--- Stored data Enclosed Below ---

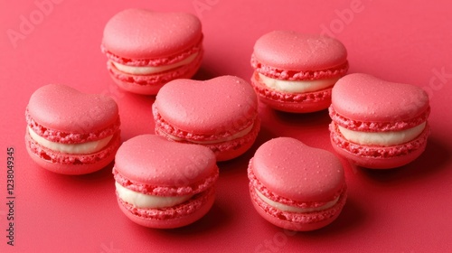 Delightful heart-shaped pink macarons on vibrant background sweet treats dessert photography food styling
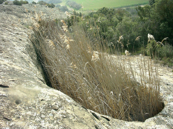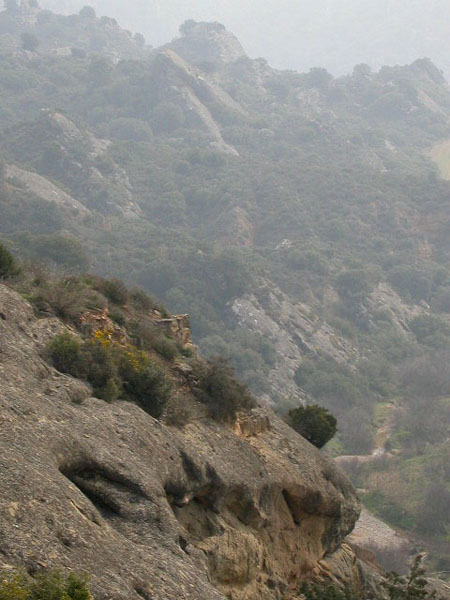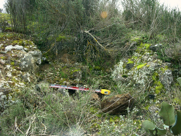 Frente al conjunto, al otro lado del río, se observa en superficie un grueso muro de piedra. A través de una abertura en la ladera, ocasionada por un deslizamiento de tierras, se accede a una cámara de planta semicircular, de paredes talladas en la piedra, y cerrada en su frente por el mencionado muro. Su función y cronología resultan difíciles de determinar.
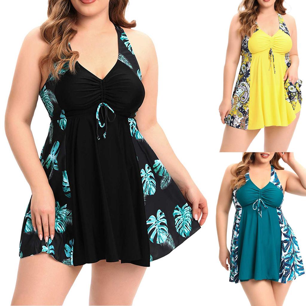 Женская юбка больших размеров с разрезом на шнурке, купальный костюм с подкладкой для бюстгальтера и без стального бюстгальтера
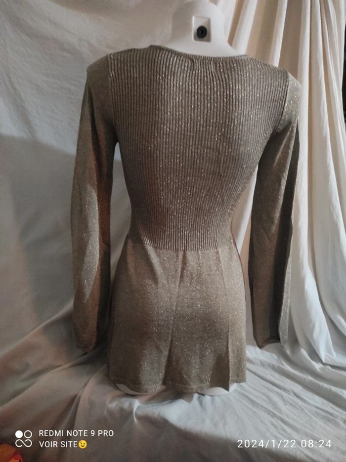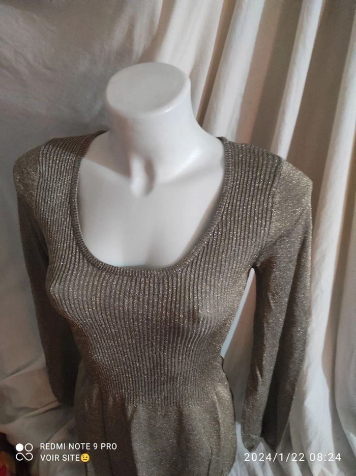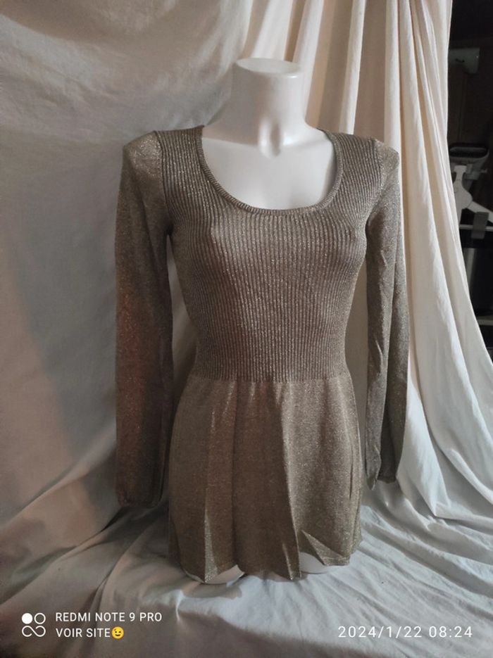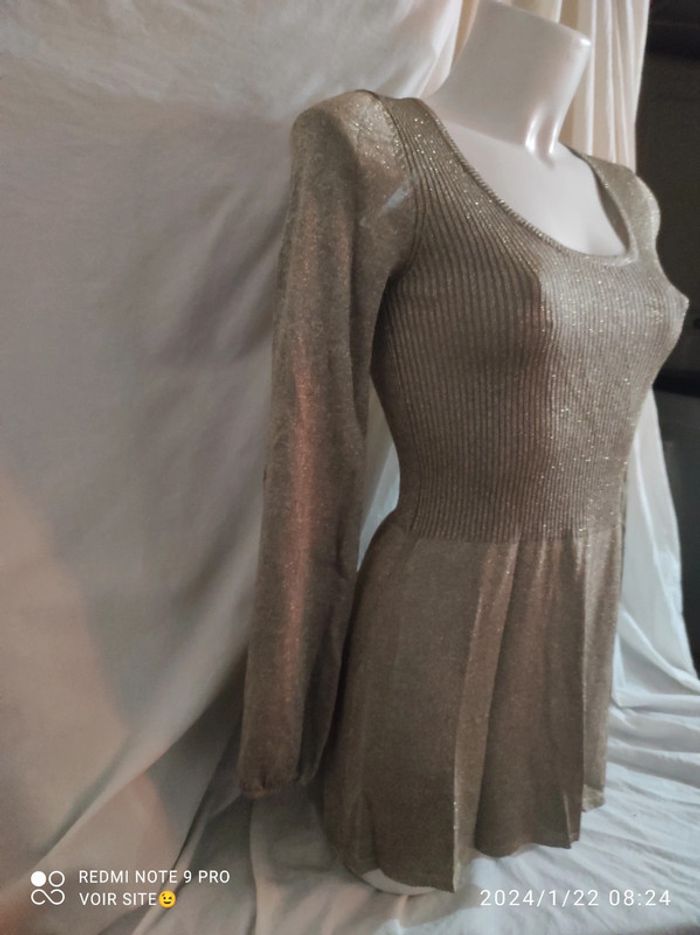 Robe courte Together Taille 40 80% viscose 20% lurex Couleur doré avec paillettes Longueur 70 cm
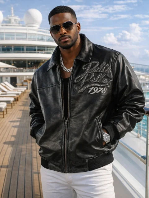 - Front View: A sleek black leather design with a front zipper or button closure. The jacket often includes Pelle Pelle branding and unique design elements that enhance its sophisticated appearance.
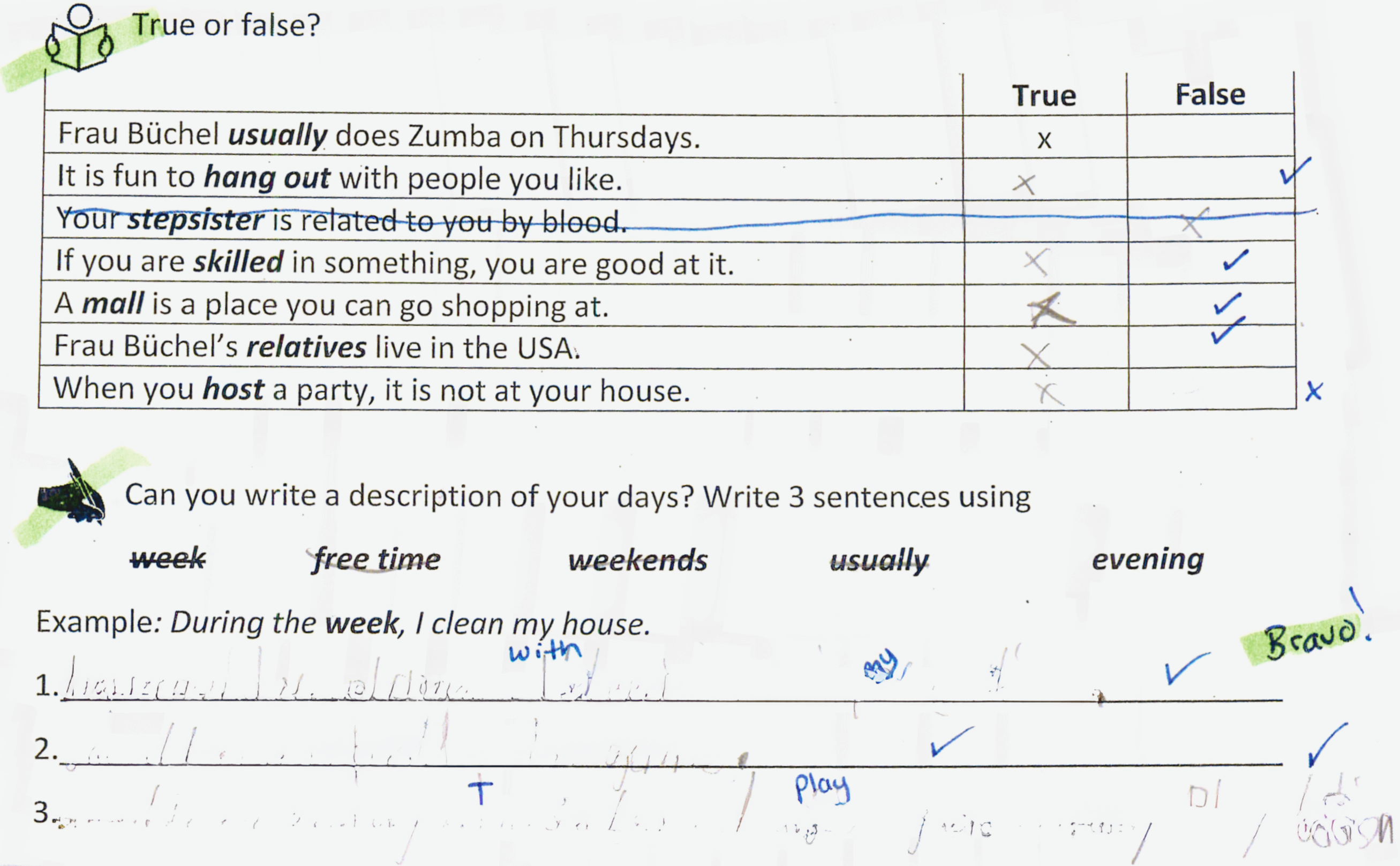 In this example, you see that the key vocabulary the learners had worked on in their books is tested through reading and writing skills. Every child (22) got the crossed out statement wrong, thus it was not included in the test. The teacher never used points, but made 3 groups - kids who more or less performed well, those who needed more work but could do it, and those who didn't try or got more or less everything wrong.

--- End of Enclosed Stored data ---

Exercise aim.
Reproduce the records above from their first line to the line bearing "- Front View: A", both ends included, leaving every picture out.

Response to this exercise.
 Delightful heart-shaped pink macarons on vibrant background sweet treats dessert photography food styling
 Frente al conjunto, al otro lado del río, se observa en superficie un grueso muro de piedra. A través de una abertura en la ladera, ocasionada por un deslizamiento de tierras, se accede a una cámara de planta semicircular, de paredes talladas en la piedra, y cerrada en su frente por el mencionado muro. Su función y cronología resultan difíciles de determinar.
 Женская юбка больших размеров с разрезом на шнурке, купальный костюм с подкладкой для бюстгальтера и без стального бюстгальтера
 Robe courte Together Taille 40 80% viscose 20% lurex Couleur doré avec paillettes Longueur 70 cm
 - Front View: A sleek black leather design with a front zipper or button closure. The jacket often includes Pelle Pelle branding and unique design elements that enhance its sophisticated appearance.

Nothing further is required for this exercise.